Kanchira bowed closer to his father's face. “What do you regret, Father?”
“I regret ⦠that I cannot see Tomoe.”
The old woman tried to remain severe, but water filled her eyes. It was the first time since pronouncing Tomoe dead that Nakahara Kaneto had said his daughter's name. It was as good as an apology. The old woman bowed to the floor and began to weep the many tears she had held back for so long. She wailed, “Do not die, Kaneto my son! I'm certain Tomoe will come home soon! We will all be united in happiness a final moment before you are gone!”
It was an impossible wish, Tomoe knew; she could not leave for home in time. Unable to face the sadness in the room, Tomoe struggled to escape back to Isso.
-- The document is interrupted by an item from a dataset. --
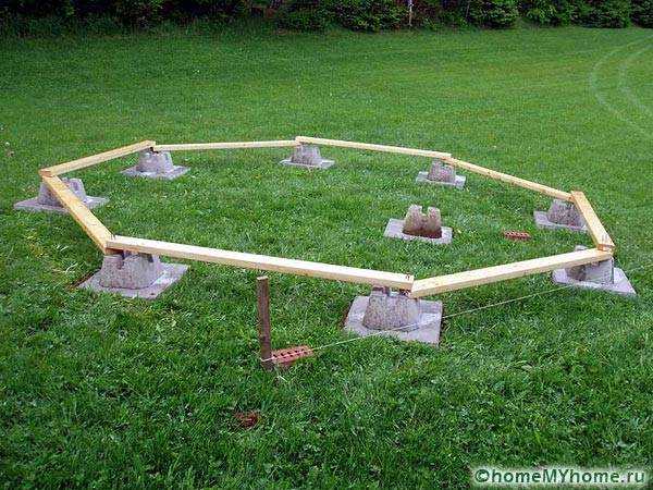 Для создания фундамента, по чертежу следует выкопать котлован. Хотя яму трудно назвать котлованом, если в ней глубина 80 сантиметров. Тем не менее, все следует называть по правилам строительства. На дно выкладывается слой песка. Ставятся опоры, которые потом бетонируют. Обязательно проверяйте уровнем ровность всех опор, удаленность их друг от друга, а также уровень по высоте.

She felt her heart beat; it was the first thing she felt as her soul returned to its body. Then she felt nothing again. The mists parted and once more Tomoe saw her weeping grandmother, sad brother, and dying father. She fought to regain her body, but the magic of the toad was stronger. “I don't want to see anymore!” Tomoe shouted, but didn't make a sound. She found her hands in the mist; they were the only things she could see. With them she felt near her waist and discovered where her swords were kept. She drew the shortsword and threw it. The mist popped like a bubble and vanished instantaneously.